Perimenopausal regulation of steroidogenesis in the nonhuman primate.

Human aging is characterized by a marked decrease in circulating levels of dehydroepiandrosterone (DHEA) and DHEA-sulfate (DHEAS), hormonal changes associated with cognitive decline. Despite beneficial effects of DHEA supplementation in rodents, studies in elderly humans have generally failed to show cognitive improvement after treatment.

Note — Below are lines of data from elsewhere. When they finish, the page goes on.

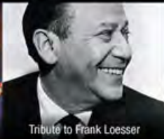
Tribute to Frank Loesser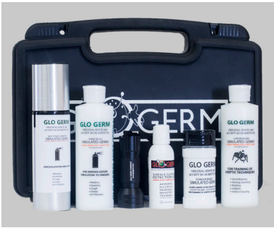
Kit pictured with Gel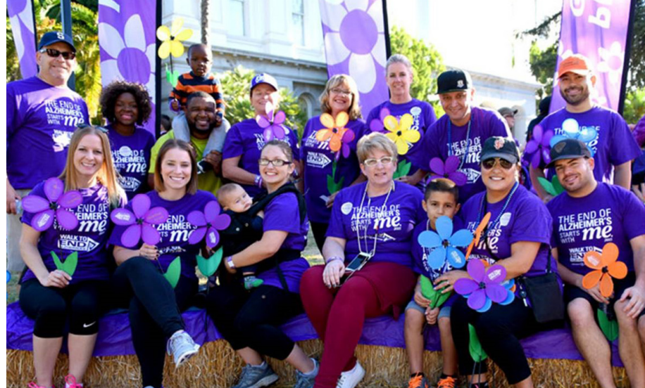
Lionakis team members and their families during an Alzheimer's Association event

From its inception, the Lionakis Foundation has been employee-led, ensuring active staff involvement in the company's philanthropic values. We offer flexible giving options to encourage participation. For example, during orientation, new employees are invited to contribute $5 each pay period to the Lionakis Foundation; while it's completely voluntary, about 25% participate. Many employees give annually through one-time donations or unused paid time off,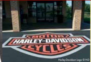
Harley-Davidson Logo © HD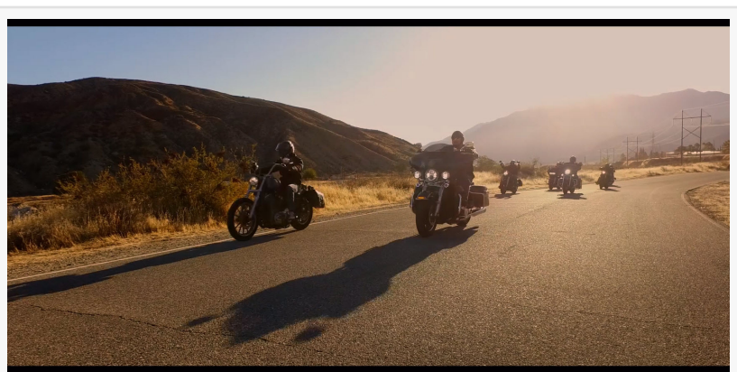
Tango Down Still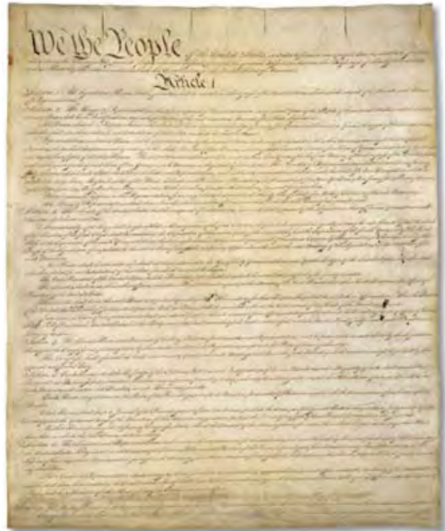
The Constitution of the United States.

The Constitution, written in 1787, created a new system of U.S. government—the same system we have today. James Madison was the main writer of the Constitution. He became the fourth president of the United States. The U.S. Constitution is short, but it defines the principles of government and the rights of citizens in the United States. The document has a preamble and seven articles. Since its adoption, the Constitution has been amended (changed) 27 times. Three-fourths of the states (9 of the original 13) were required to ratify (approve) the Constitution. Delaware was the first state to ratify the Constitution on December 7, 1787. In 1788, New Hampshire was the ninth state to ratify the Constitution. On March 4, 1789, the Constitution took effect and Congress met for the first time. George Washington was inaugurated as president the same year. By 1790, all 13 states had ratified the Constitution.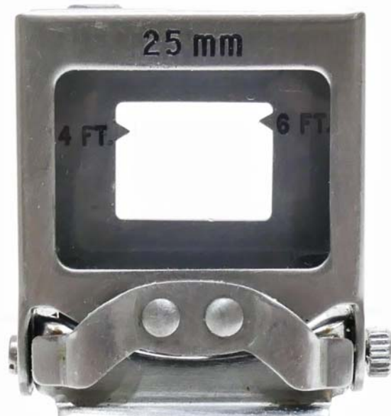
Figure 9. Type P adapter with 40 mm mask in place

No suppose that in a type P adapter we erect the 40 mm mask, to use a 40 mm lens on the camera. On that mask, there are two little pointer projections into the frame area on opposite sides, one labeled (in the frames margin) "4 FT" and one "6 FT". These again show us where the top of the taken frame would be in the viewfinder view for a subject at a distance of 4 feet or 6 feet. We see that in figure 9, which shows the 15 mm viewfinder lens of the Type P adapter with the 40 mm mask in place: 7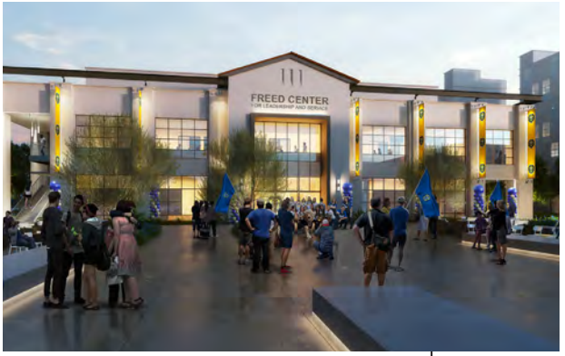
FREED CENTER FOR LEADERSHIP AND SERVICE AND ENDOWMENT: IMAGINE CAMPAIGN, MILESTONE II $18,800,000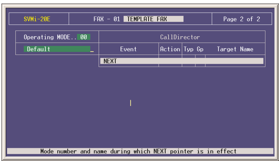
Fax Block Page 2 of 2

Indicates the Mode Name and Number for which the displayed Block Pointers' Targets are active. Each Operating Mode is given a unique Number by the system. Valid numbers are 01 99, and are assigned in sequence as new Modes are created. Pressing ENTER at this field opens a Pointer Mode Target Generator, from which an existing Mode Name may be selected, or a new name may be entered. Entering a new name creates a new Mode with its corresponding Number. The Mode Number and Name are associated with the Block's Pointers, not the Block itself. This allows one Block to route calls to different destinations in different Modes, using different Targets for the pointers' various Mode references. For example, the No-Answer pointer might route callers to an associates' Extension during the 'Day' Mode, but after 5:00 PM, it would route them to a Mailbox during 'Night' Mode. The SVMi-20E will display Default Mode pointers in a block while viewing pointers in another mode. The Default Mode pointers will be grayed out to denote that they are not in the current mode.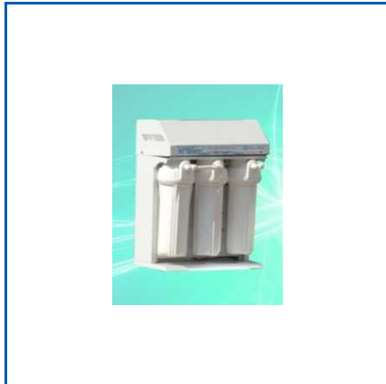
DOMESTIC RO SYSTEM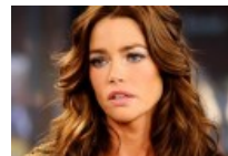
Denise Richards According to Denise, she's not sure that her estranged ex is completely sober....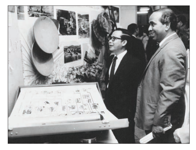
Raja and Toh Chin Chye at a multicultural exhibition during the Malaysia Solidarity Consultative Committee meeting in Singapore, February 1962.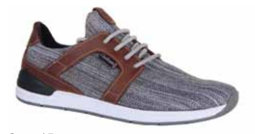
Grey / Tan

Stretchknit upper with leather facings on a TPR and EVA sole,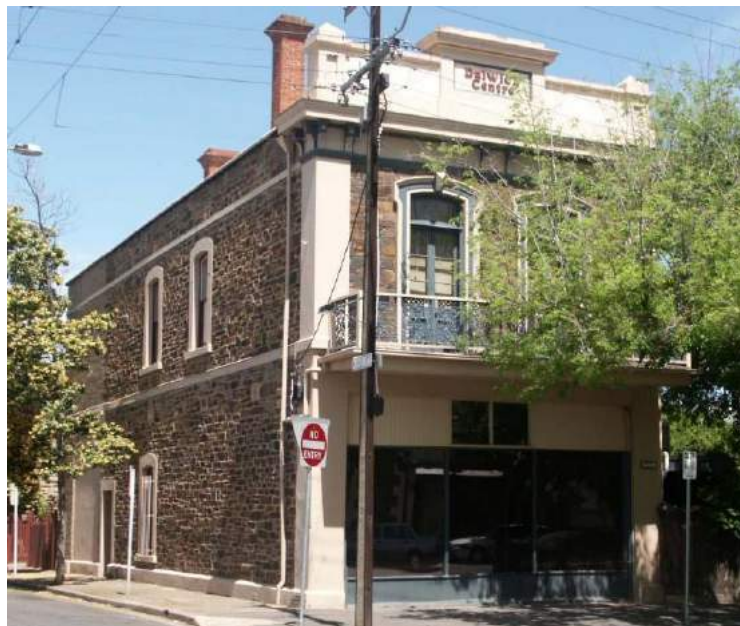
Dulwich Centre, 345–349 Carrington Street — View to southwest

OTHER ASSESSMENTS McDougall & Vines, 1993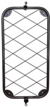
1 pc - Base Rack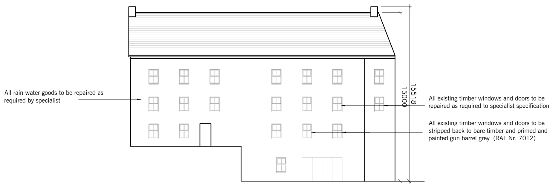
04 WEST ELEVATION 212 1:200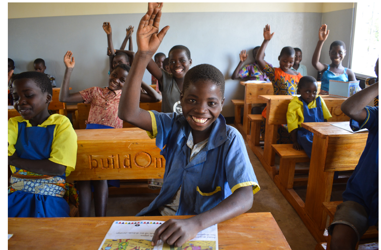
Having electricity has greatly improved the learning conditions for children in Chalaula

In the present study we evaluate the effects of age and estradiol supplementation on expression of genes involved in the de novo synthesis of DHEA and its conversion to estradiol in the rhesus macaque hippocampus. Using reverse transcription polymerase chain reaction (RT-PCR) we demonstrate the expression of genes associated with this synthesis in several areas of the rhesus brain. Furthermore, real-time PCR reveals an age-related attenuation of hippocampal expression level of the genes CYP17A1, STS, and 3BHSD1/2. Additionally, short-term administration of estradiol is associated with decreased expression of CYP17A1, STS, SULT2B1, and AROMATASE, consistent with a downregulation not only of estrogen synthesis from circulating DHEA, but also of de novo DHEA synthesis within the hippocampus. These findings suggest a decline in neurosteroidogenesis may account for the inefficacy of DHEA supplementation in elderly humans, and that central steroidogenesis may be a function of circulating hormones and menopausal status.